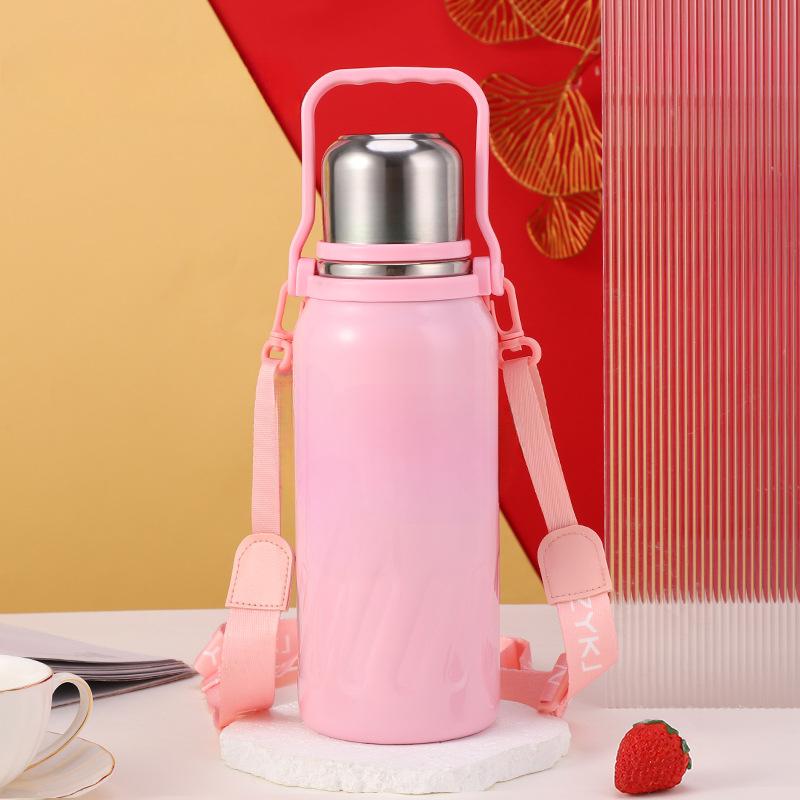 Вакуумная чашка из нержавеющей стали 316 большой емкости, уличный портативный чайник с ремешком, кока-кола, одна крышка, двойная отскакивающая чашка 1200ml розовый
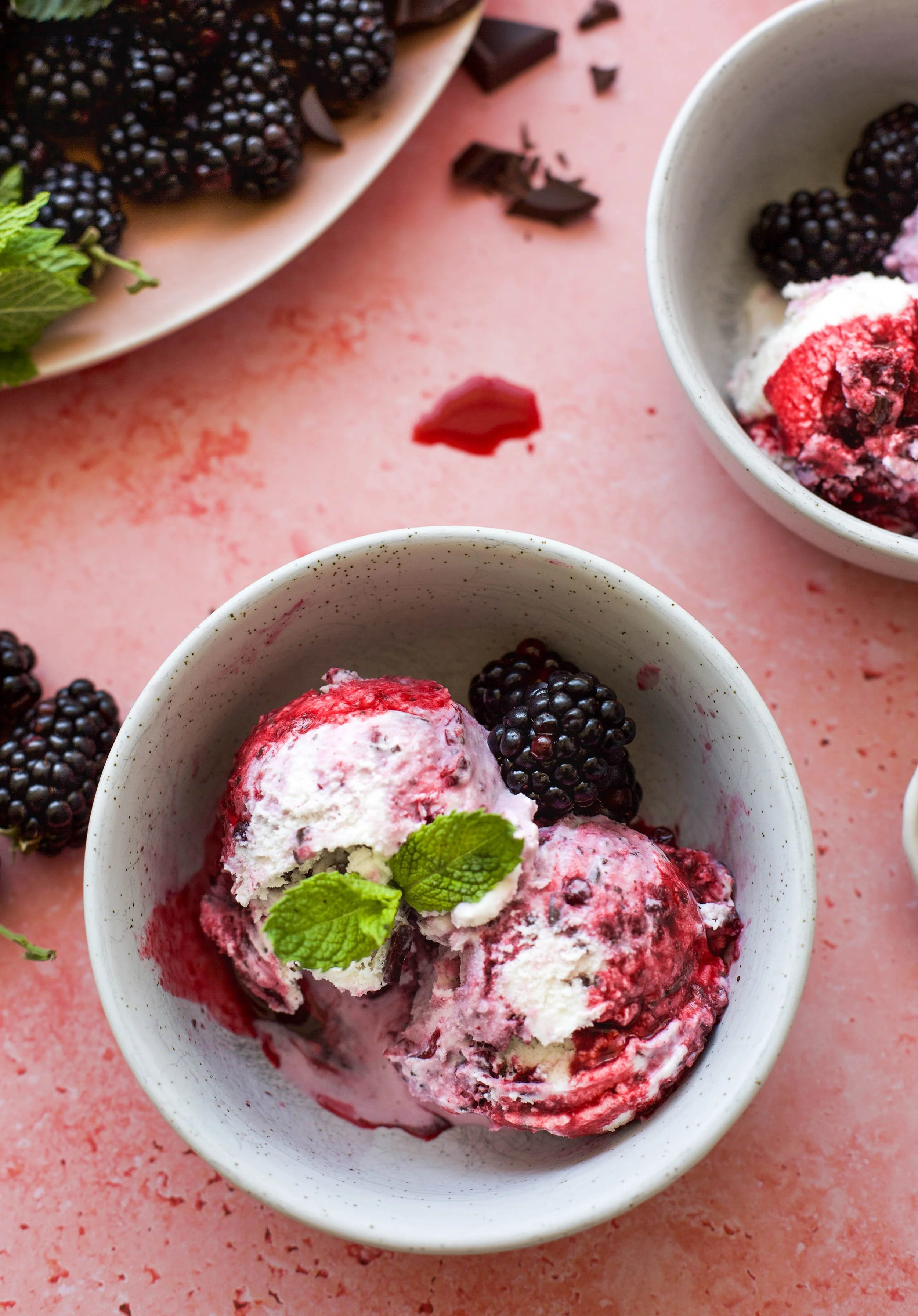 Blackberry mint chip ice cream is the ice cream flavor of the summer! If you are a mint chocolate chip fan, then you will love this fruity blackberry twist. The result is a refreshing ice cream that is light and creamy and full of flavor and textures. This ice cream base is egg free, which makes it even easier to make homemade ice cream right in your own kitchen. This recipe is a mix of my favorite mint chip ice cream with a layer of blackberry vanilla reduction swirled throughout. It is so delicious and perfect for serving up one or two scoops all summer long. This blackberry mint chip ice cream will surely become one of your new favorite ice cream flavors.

◇ ◇ ◇ ◇ ◇

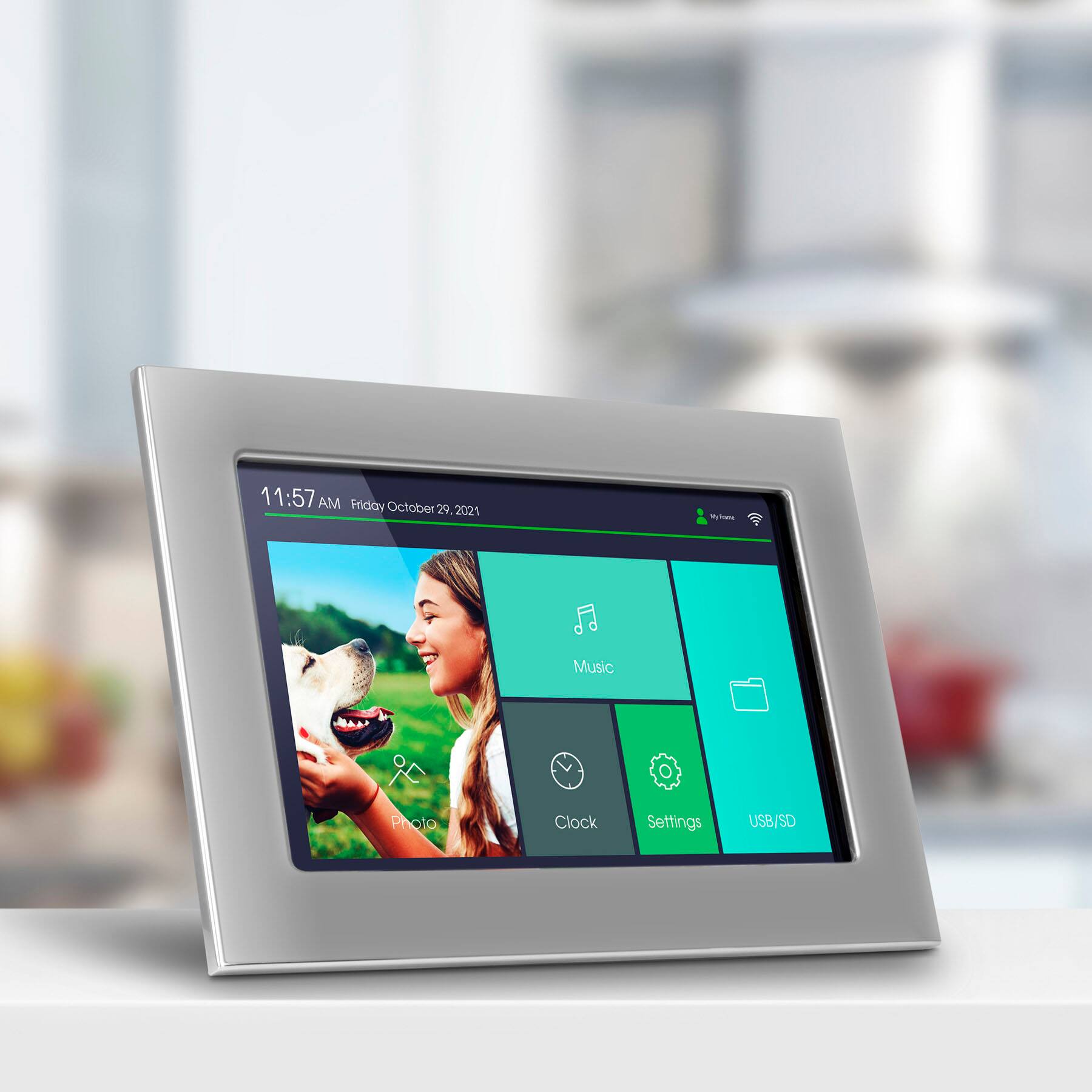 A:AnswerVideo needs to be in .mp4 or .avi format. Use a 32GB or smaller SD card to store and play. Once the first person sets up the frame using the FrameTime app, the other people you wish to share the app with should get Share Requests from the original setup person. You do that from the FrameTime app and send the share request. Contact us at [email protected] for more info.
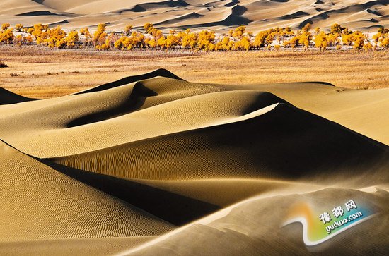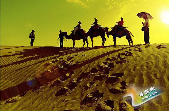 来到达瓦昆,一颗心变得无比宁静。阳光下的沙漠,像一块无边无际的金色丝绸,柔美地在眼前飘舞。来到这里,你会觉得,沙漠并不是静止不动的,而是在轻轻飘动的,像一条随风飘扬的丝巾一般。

◇ ◇ ◇ ◇ ◇

_Work to be completed_
Write down exactly what the lines above say, from the line holding "Вакуумная чашка из" through the line holding "Blackberry mint chip ice cream is", and nothing more. Do not copy the pictures.

_Task response_
 Вакуумная чашка из нержавеющей стали 316 большой емкости, уличный портативный чайник с ремешком, кока-кола, одна крышка, двойная отскакивающая чашка 1200ml розовый
 Blackberry mint chip ice cream is the ice cream flavor of the summer! If you are a mint chocolate chip fan, then you will love this fruity blackberry twist. The result is a refreshing ice cream that is light and creamy and full of flavor and textures. This ice cream base is egg free, which makes it even easier to make homemade ice cream right in your own kitchen. This recipe is a mix of my favorite mint chip ice cream with a layer of blackberry vanilla reduction swirled throughout. It is so delicious and perfect for serving up one or two scoops all summer long. This blackberry mint chip ice cream will surely become one of your new favorite ice cream flavors.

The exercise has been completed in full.